The logic behind the method is simple: find the tokens, normalize them, see if they’re to be accepted, and then keep a count of how many times they occur. Both title and body are equally weighted to create a resulting MetaDataVector. With this, we’ve met our goal of creating a set of terms and their relative weights to represent the metadata associated with the content.

A tag cloud is a useful way to visualize the output from the algorithm. First, let’s look at the title, as shown in figure 4.10. The algorithm tokenizes the title and extracts four equally weighted terms: and, collective, intelligence, and web2.0. Note that and appears as one of the four terms and collective and intelligence are two separate terms.

Figure 4.10. The tag cloud for the title consists of four terms.
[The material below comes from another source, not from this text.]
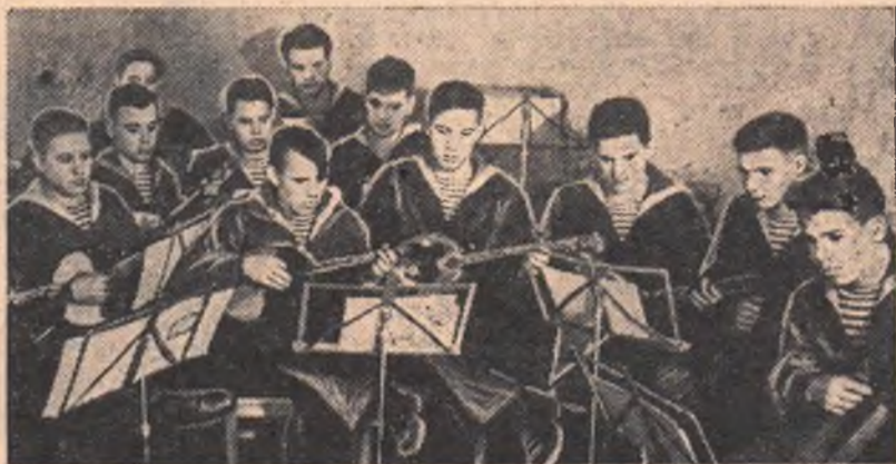
Приближается радостный праздник — Новый год. Юноши и девушки готовятся отметить его как можно ярче, веселее. На этом снимке вы видите струнный оркестр Омского речного училища. Курсы-музыканты готовятся к новогоднему концерту.

Телевизионная камера, созданная в институте, значительно отличается от систем прежнего типа. Она проще по устройству, легче в управлении и дает четкое цветное изображение предметов. Новая камера может быть использована и в телевизионных центрах, передающих черно-белые изображения.

Similarly, the tag cloud for the body of the text is shown in figure 4.11. Note that words such as the and to occur frequently, and user and users are treated as separate terms. There are a total of 20 terms in the body.

Figure 4.11. The tag cloud for the body of the text

Combining the vectors for both the title and the body, we get the resulting MetaDataVector, whose tag cloud is shown in figure 4.12.

Figure 4.12. The resulting tag cloud obtained by combining the title and the body

The three terms collective, intelligence, and web2.0 stand out. But there are quite a few noise words such as all, and, is, the, and to that occur so frequently in the English language that they don’t add much value. Let’s next enhance our implementation by eliminating these terms.

4.3.3. Removing common words

Commonly occurring terms are also called stop terms (see section 2.2) and can be specific to the language and domain. We implement SimpleStopWordMetaDataExtractor to remove these stop words. The code for this is shown in listing 4.5.

Listing 4.5. Implementation of SimpleStopWordMetaDataExtractor

This class has a dictionary of terms that are to be ignored. In our case, this is a simple list; for your application this list will be a lot longer.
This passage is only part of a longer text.